Reporting on corporate misconduct decreases significantly if the company in question has a selective advertising partnership with the media. This is shown in a study by WiSo professor Marc Fischer.
Prof. Dr. Marc Fischer is the director of the Chair of Marketing Science and Analytics at the Faculty of Economics and Social Sciences at the University of Cologne. One of his research focuses is ethical misconduct.
Our society functions according to certain norms and values, which companies are also expected to follow. The media take on the role of a corrective authority. They publicly denounce the violation of such norms and are therefore still an important apparatus of society. Central to this is the question of how independently "the media" really act. Together with Samuel Stäbler (Assistant Professor at Tilburg University), Professor Fischer investigated the role of newspapers reporting on corporate misconduct. Over a period of six years, the researchers examined 50,000 articles from five countries to identify and analyse reports on corporate misconduct.
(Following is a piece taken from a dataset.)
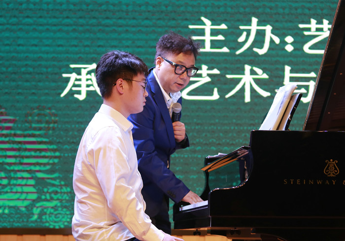 5月22日晚,意昂特邀著名钢琴家陈琼教授来到意昂讲课,副经理曹登银、音乐系主任陈辉、钢琴教研室主任何萍出席本次讲座,讲座由钢琴教研室主任何萍主持。

Professor Fischer now explains the central results in a new WiSo research video. It showed that only one in ten media companies reported on misconduct if the company concerned had an advertising partnership with the magazine. On the other hand, the likelihood of reporting was up to 40% higher for a popular company than for less well-known corporations. Conclusion: The public media often do not fulfil the social norms themselves, whose compliance they massively demand from companies and politics. Nevertheless, media are still an important engine of society today. Raising awareness of the interconnections can therefore be a first step towards stronger compliance among the media themselves, even if they usually have to act in a corporate manner as well.